## TASK PROMPT
Every line from the one bearing "Отдел архитектуры и" through the last line of the records below is to be output exactly, and no other line; leave out the pictures.

## DATA FOR PROCESSING
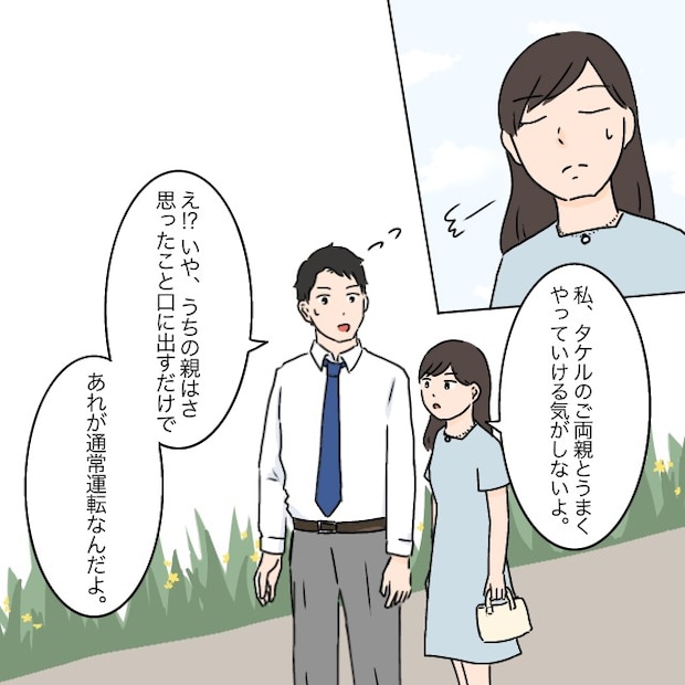 「私、タケルのご両親とうまくやっていける気がしないよ。」とハッキリ伝えました。すると焦ったようにタケルは「え!?いや、家の親はさ、思ったこと口に出すだけであれが通常運転なんだよ。」とフォローのつもりで言ったのかもしれませんが、それならなおさら無理だな、と思ってしまいました。
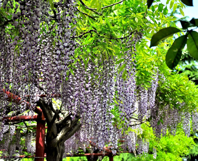 紫藤花樹的介紹: 紫藤花樹是豆科紫藤屬落葉藤本植物,莖左旋;小葉紙質,卵狀橢圓形或卵狀披針形,小托葉刺毛狀;花梗細,花冠紫色,基部有兩枚柱狀胖眠體。 它主要分布于遼寧、陜西、甘肅及華北和長江以南各省區,紫藤作為觀花綠蔭藤本植物。 初夏時紫穗懸垂,花繁而香,盛暑時則濃葉滿架,一般應用于園林棚架、湖畔、池邊、假山、石坊等處。
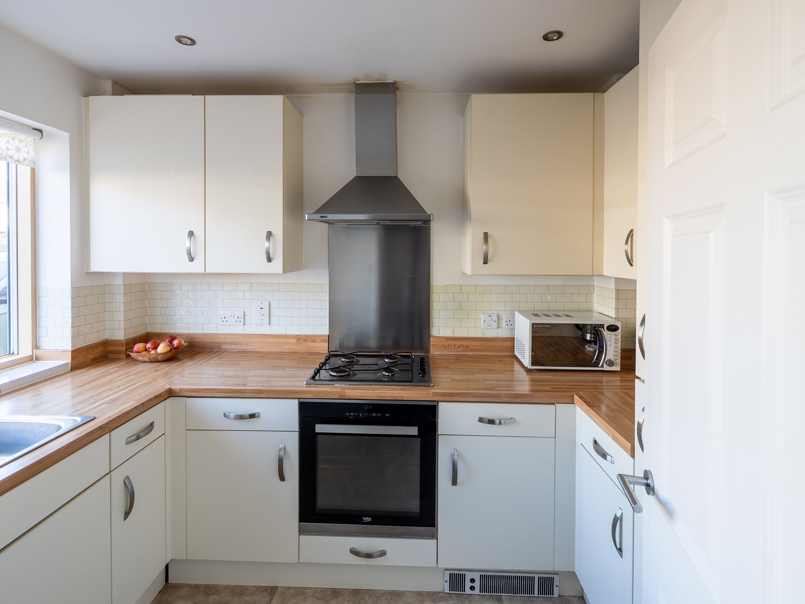 As you enter the property there is a spacious hallway, with an understairs storage cupboard and a large downstairs toilet. From the hallway there is a kitchen with ample cupboard space including a larder style cupboard. There is a built in fridge freezer, gas hob and electric oven with space for a washing machine.
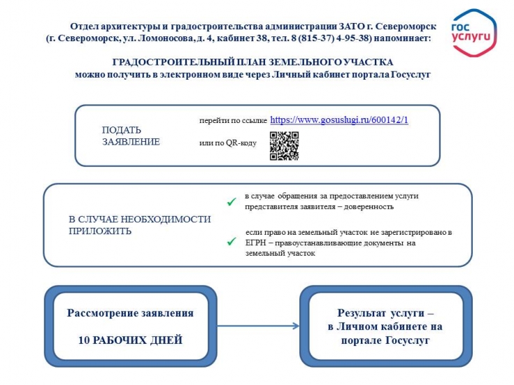 Отдел архитектуры и градостроительства администрации ЗАТО г. Североморск напоминает: градостроительный план земельного участка можно получить в электронном виде через Личный кабинет на портале «Госуслуги».
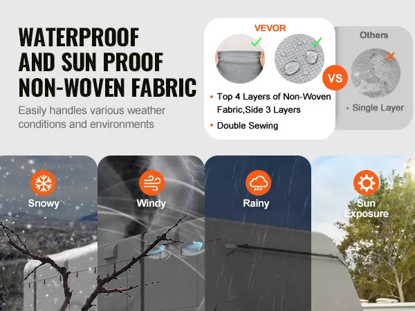 Our trailer RV cover features a robust 4-layer top and 3-layer sides made from durable non-woven fabric, providing waterproof and sun-proof protection. It is designed to withstand various weather challenges.
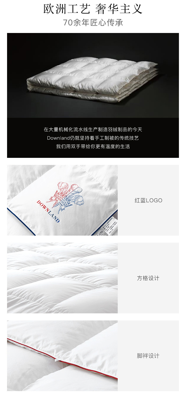 凭借年轻时掌握的羽绒制作手艺,他坚信,一场好的睡眠对「人的自我修复」有着至关重要的意义,通过优质的睡眠产品,DOWNLAND为更多饱受战后睡眠障碍困扰的同胞提供「良好睡眠」的解决方案。如今DOWANLAND已成为英国四大顶级床品之一。

## TASK RESPONSE
 Отдел архитектуры и градостроительства администрации ЗАТО г. Североморск напоминает: градостроительный план земельного участка можно получить в электронном виде через Личный кабинет на портале «Госуслуги».
 Our trailer RV cover features a robust 4-layer top and 3-layer sides made from durable non-woven fabric, providing waterproof and sun-proof protection. It is designed to withstand various weather challenges.
 凭借年轻时掌握的羽绒制作手艺,他坚信,一场好的睡眠对「人的自我修复」有着至关重要的意义,通过优质的睡眠产品,DOWNLAND为更多饱受战后睡眠障碍困扰的同胞提供「良好睡眠」的解决方案。如今DOWANLAND已成为英国四大顶级床品之一。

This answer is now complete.